After taking office in December 2018, Sheinbaum, Mexico City’s mayor, paused construction on major urban development projects, including housing units, to avoid excessive growth in the capital. It also came on the heels of the devastating 2017 earthquake in which several new apartment buildings collapsed, in part because of corruption in the permitting process.

“They stopped much of the development in the city and big projects for several months, and when they decided you can keep building, that was when Covid hit and the projects never took off,” Andragnes said.

“Airbnb pulls inventory off the market and definitely exacerbates the situation. But the fact that we can’t build—that’s a bigger problem than these units getting pulled off the market,” said Rodrigo Suarez, co-founder at HASTA Capital, a development and investment real estate platform. “A huge wave of demand is hitting an environment of really low supply so of course the rents are going to go up.”

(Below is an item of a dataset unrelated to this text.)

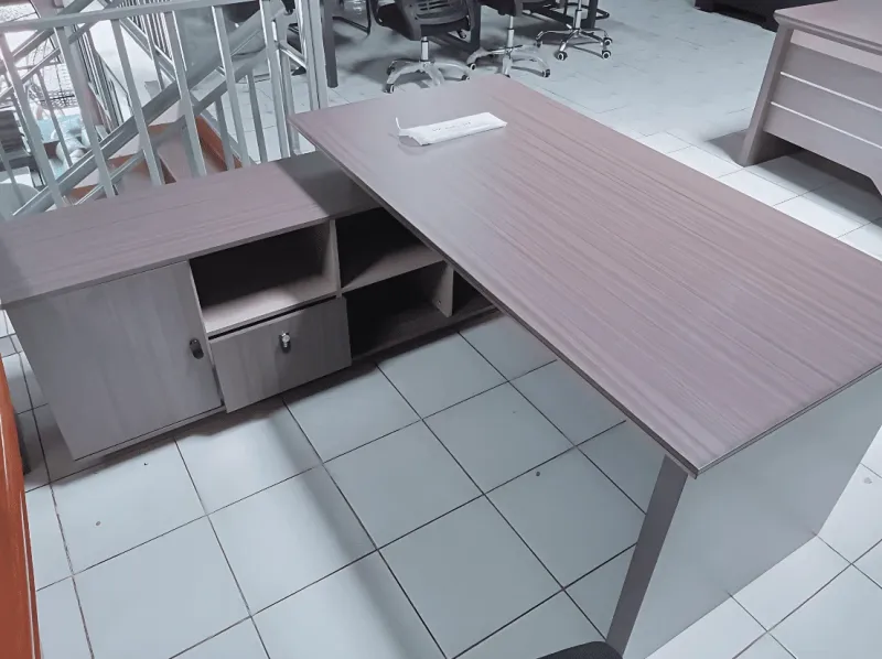 Typically built from engineered wood or MDF with a scratch-resistant laminate finish, the desk is designed for durability and everyday office use. The reinforced frame and sturdy legs ensure stability even when supporting heavy office equipment.

Ari Goot, a real estate developer, moved to Mexico City in January, keen to take advantage of the booming housing market. He bought an apartment in Condesa and is in the process of remodeling it. He also rented a luxury apartment, which he is trying to sublet on Airbnb for double the price he pays. 

Goot said he is sensitive to the issue of gentrification, but also thinks the complaints are overblown. “You can’t take the good without the bad. If there were zero foreigners coming, would that be better for Mexico City? They bring a lot of money and support all these Mexican businesses and employment and hire people.”

If the business goes well, Goot said, he plans to buy more properties and rent them on Airbnb. He thinks more Americans will continue to move to Mexico City, drawn by the same factors that he appreciates—the culture, cost of living, and the diversity of people. 

“It’s the era for Mexico City!” he said.